六月初三,天大晴。司礼监占卜过的日子,宜动土、搬迁。
太子与太子妃早上在东宫吃了一顿饭,又敬香祈福过后,下午,后院的侍妾与哥儿姐儿也搬进来了。
道道宫门隔绝了她们与外界的联络,自此,哪怕是竹清,想要出宫也需要层层批准,还得早去早回。
竹清换上了一身宫制的衣裳,她在袖口和衣领处多绣了两道迎春花,以此彰显她掌事宫女的身份。
她今年24岁,宫中的规定是25岁的宫女,若是主子不留或者实在是想出宫的,就放出去婚嫁。若是主子留了,又不婚嫁的,那就可以自梳作姑姑。
所以竹清离自梳还有一年的时间。
进了宫,太子妃就要与皇后、淑妃日日相见,甚麽晨昏定省、平常的孝敬等等,都需要太子妃去维系。

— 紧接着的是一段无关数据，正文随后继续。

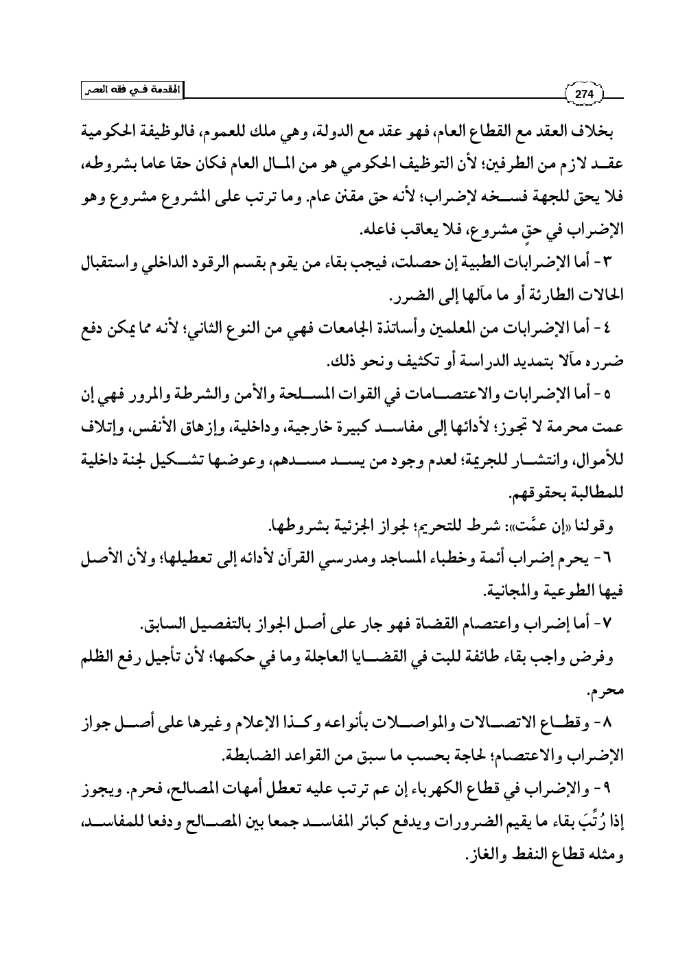 4 - أما الإضرابات من المعلمين وأساتذة الجامعات فهي من النوع الثاني؛ لأنه مما يمكن دفع ضرره مآلا بتمديد الدراسة أو تكثيف ونحو ذلك.
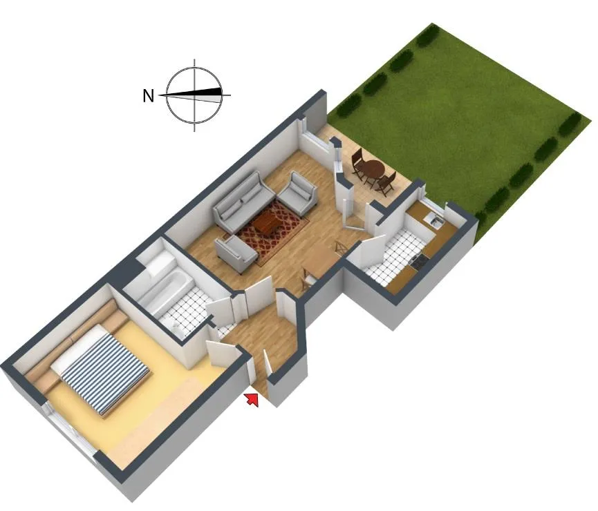 Das Wohnzimmer und die Küche sind nach Südosten, das Schlafzimmer ist nach Nordwesten ausgerichtet.

“太子妃,这是殿中省送来的玉台金盏,说是庆贺咱们迁进来。”竹清指了指桌上以及地上摆满的各色花朵儿,都是金贵难养的,寻常地方见不到。
“林忠海还挺懂事的,听说昨日他还亲自来了一趟,看着宫人们搬抬东西?”太子妃问,竹清点点头,说道:“是呢,说是怕宫人太监们毛手毛脚,损坏了一些就不好了。”
林忠海就是掌管殿中省的大太监,宫里不管是宫人的调动、每月月例的发放,都是从殿中省走,可以说,殿中省的权力还蛮大的。
进了宫,竹清反而不那麽忙了,因着外头的铺子太子妃都交给放出去的妈妈们管着了,不必她隔三差五的盯着。
还有就是原本竹清奉太子妃的命,暗中查了好几个哥儿,这事也搁置了。敏姐儿到了要婚嫁的年纪,太子妃帮她相看,只是他们家一朝之间改换门庭,主君从不确定前程的王爷成了太子,那麽敏姐儿的婚事自然也就要往上走走。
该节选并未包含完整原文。